So I think your question is a little contradictory then. Do you have a uniform distribution on some set $\{1,2,\cdots,n\}$ or on the interval $[a,b]$? Your analogy of rolling the dice only really makes sense in the former case. –  Bill Mance Aug 6 '13 at 3:11
    
I'm having trouble understanding OP's question, but maybe what he means by "rolling the dice" is a geometric distribution? –  angryavian Aug 6 '13 at 3:13
    
@BillMance ... right, I mean if I have a random number generator that generates numbers in $[a,b]$ I would expect my minimum and maximum results to get closer and closer to the extremes as I ran it more times –  tacos_tacos_tacos Aug 6 '13 at 3:13

2 Answers 2

up vote 2 down vote accepted

"Throw the dice" $n$ times. Let the results be $X_1,X_2,\dots,X_n$. Let $Y=Y_n$ be the minimum.
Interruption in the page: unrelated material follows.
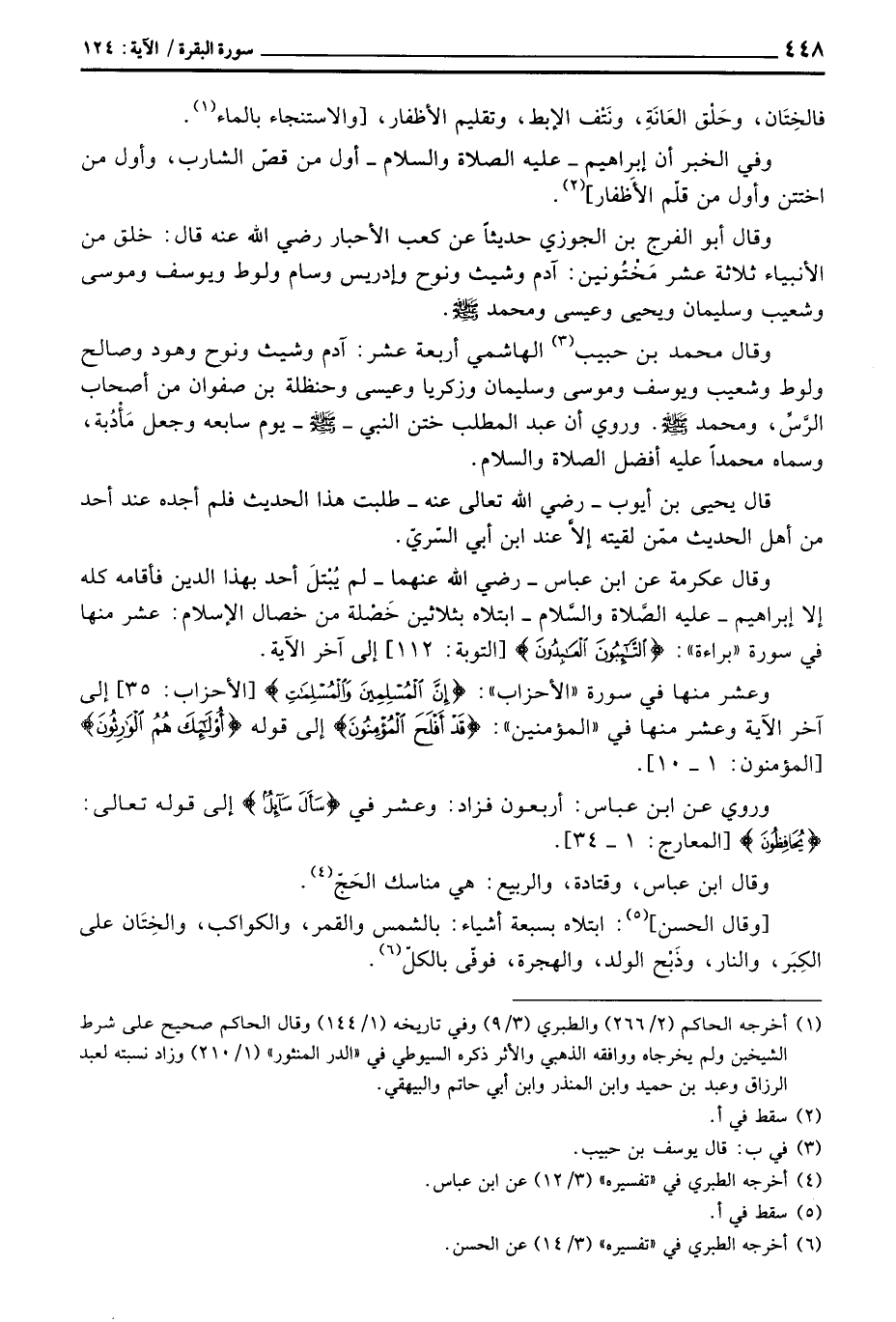 وقال عكرمة عن ابن عباس رَضِيَ اللهُ عَنْهما لم يُبْتلَ أحد بهذا الدين فأقامه كله إلا إبراهيم عليه الصَّلاة والسَّلام ابتلاه بثلاثين خَصْلة من خصال الإسلام: عشر منها في سورة «براءة» : {التائبون العابدون} [التوبة: 112] إلى آخر الآية.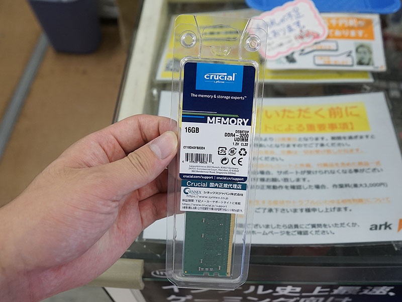 CrucialのDDR4-3200 16GBメモリに片面実装モデル、税込8,780円

The probability that this is $\gt y$ is the probability that all the $X_i$ are greater than $y$.

Any particular $X_i$ is greater than $y$, where $a\le y\le b$, with probability $\frac{b-y}{b-a}$. So the probability they all are is $\left(\frac{b-y}{b-a}\right)^n$.

It follows that the cumulative distribution function of $Y$ is $$1-\left(\frac{b-y}{b-a}\right)^n.\tag{1}$$ Now you can evaluate any probability you want that concerns the random variable $Y=Y_n$.

The expectation: At an earlier stage of your post, you seemed to be asking for the mean of the minimum. We now proceed to calculate that.

Formula (1) shows that the density function of $Y$ is $n(b-y)^{n-1}(b-a)^{-n}$ on our interval and $0$ elsewhere.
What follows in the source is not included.